The acquisition of additional land and the construction of cantonments, or provision of housing facilities, for troops and installations not included in the Protection Mobilization Plan but which may be required at a later period is a function of The Quartermaster General and will be provided as directed by the War Department. He will maintain standard plans for buildings, and groups of buildings, and will so draw his plans that he will be able to undertake construction by 30 M if so ordered.131

After the sidetracking of General Seaman in the summer of 1938, Hartman fell to work on the plans for war construction. Securing $63,000 from WPA, he hired a staff to complete the 700 series drawings. Using some $200,000 in PWA money, he let contracts for a new building at Fort Myer, Virginia; ostensibly a warehouse, this structure was designed to hold a large emergency force of engineers and draftsmen. With the help of the Air Corps, he obtained aerial mosaics to supplement the division’s collection of post maps, some of which were hopelessly out of date.132 Meantime, he charted the M-day organization and considered ways to streamline contracting methods. In pushing these preparations, Hartman faced several obstacles. One was Seaman, who scornfully referred to the mobilization structures as “cigar boxes,”133 and who failed to foresee another war.134 A second was the lack of requirements. With no idea how many units of what type and size might someday have to be housed, Hartman framed his typical layouts around the battalion. He later explained:–

In the plans that I formulated I conceived of block units each complete with water, sewage, housing, etc. These block units would care for roughly a battalion of men and could be modified for varying type units and multiplied for larger units.
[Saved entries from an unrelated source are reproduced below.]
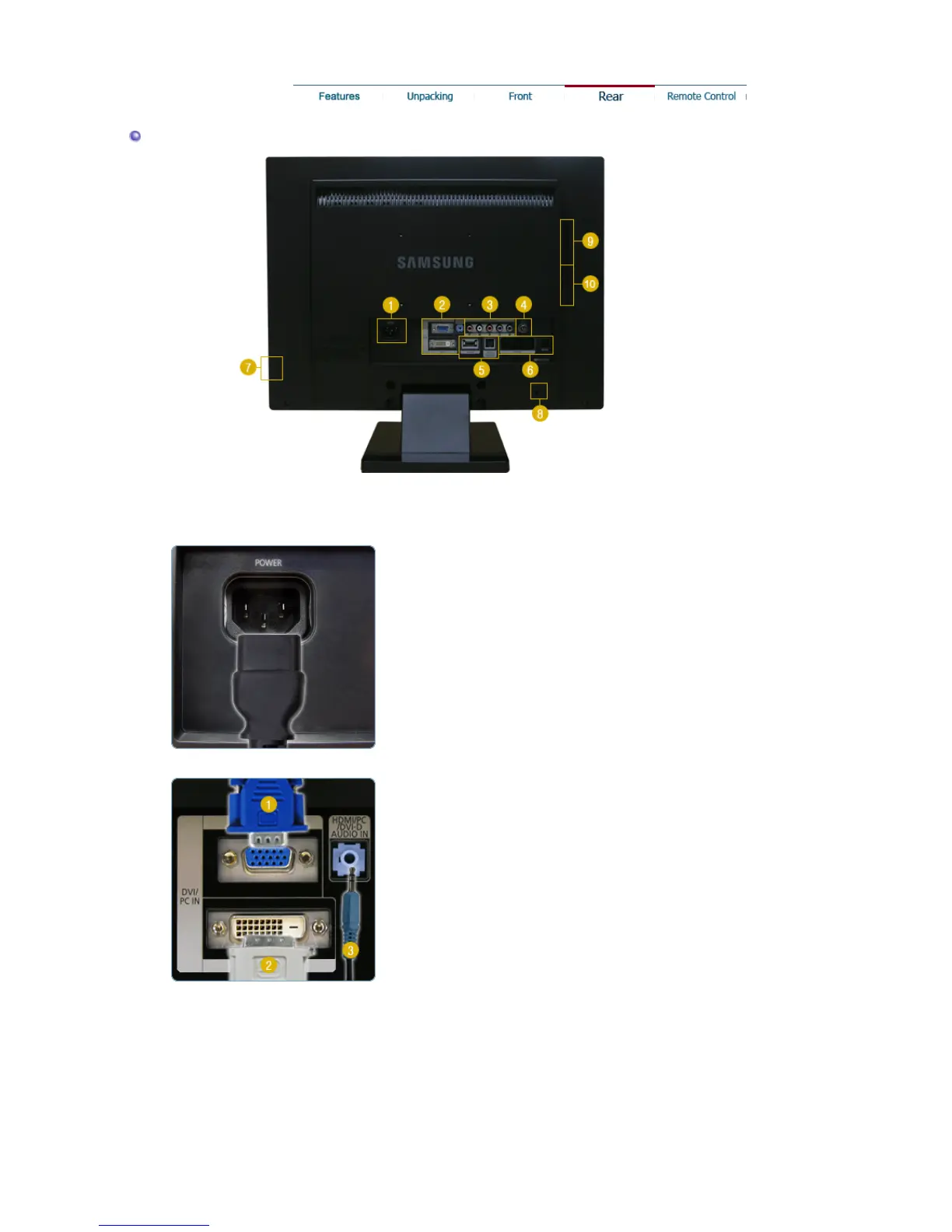 (The configuration at the back of the monitor may vary from product to product.)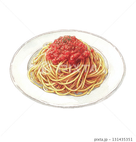 水彩風のミートソーススパゲッティのイラスト素材(洋食・パスタ・シンプル構図)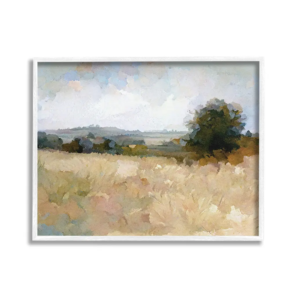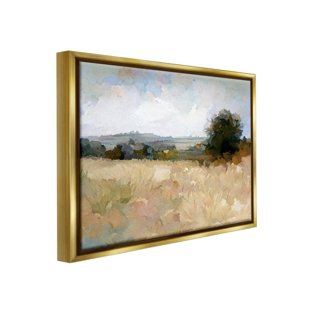 Stupell Beige Rural Field Framed Floater Canvas Wall Art Design By Gina Kelly - 21 X 17 - Gold

In addition, there were plans for special type installations. I believed, in general, that it was much easier to modify an existing detail plan than it was to begin from scratch on a new one.135

During Hartman’s stay in the division, the plans progressed steadily. But whether they would ever be put to use no one knew.

A vast program of military construction to be undertaken on or before M-day—the War Department’s plans did not foresee this eventuality. Prophets who foretold such a program and who warned that construction would be the controlling factor in mobilization were little honored. Nevertheless, their vision was clear. In Biblical imagery, the stone which the builders rejected would become the headstone of the corner.